Friday, March 5, 2010

Let me start by saying, I am thankful, thankful, thankful to be pregnant. So don't any of my 2 readers (am I being generous there) think I am unhappy or ungrateful...but I gotta vent.

Ryan has brought home yet another cold, which I promptly caught. My doctor, who I love and trust to pieces is on the conservative side when it comes to meds, so he basically refuses to assist in any way. NOT that there are so many options for a knocked up lady... but hell anything would be better than what I have for defense now, which is basically nothing. Hot tea. Orange Juice. Soft tissues. Sleeping sitting up. Yeah.

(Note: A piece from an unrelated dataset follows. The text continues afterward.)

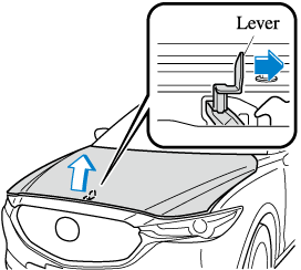 2. Insert your hand into the hood opening, slide the latch lever to the right, and lift up the hood.

So here I am, 5 long nights into this unrelenting congestion. I CANNOT sleep to save my life. I get 30 minute to 1 hour stretches. Thats it. Then its awake for another hour or so, then back to sleep. Add in hip pain and my overactive bladder, yeah. Im getting maybe 4 hours a night.

Yesterday, the exhaustion and the hormones decided to get together and have a party. So I was on the brink of despair all day long. Everything made me cry. Everything made me mad. And you know, once you get into the self destructive path, theres no stopping the snowball of bad consequences.

Kudos to my Andy, who let me alone. He asked about my day, I said you don't wanna know how bad it really was. He asked if he could help. I said, yeah... Im going to bed after I make dinner. Bless the man, he nodded his head, ate his dinner, kissed me good night and I didn't hear a word from him until this morning. Im glad he knows when I need to be alone. Any sort of communication with me last night more than likely would not have ended well.

Well this is a new day. I feel terrible, I am still beyond tired, I think last night was one of the worst nights for sleep this week. But I refuse to allow the negativity overwhelm me today. Its payday, we need some things. Maybe a little retail therapy will take my mind of my misery!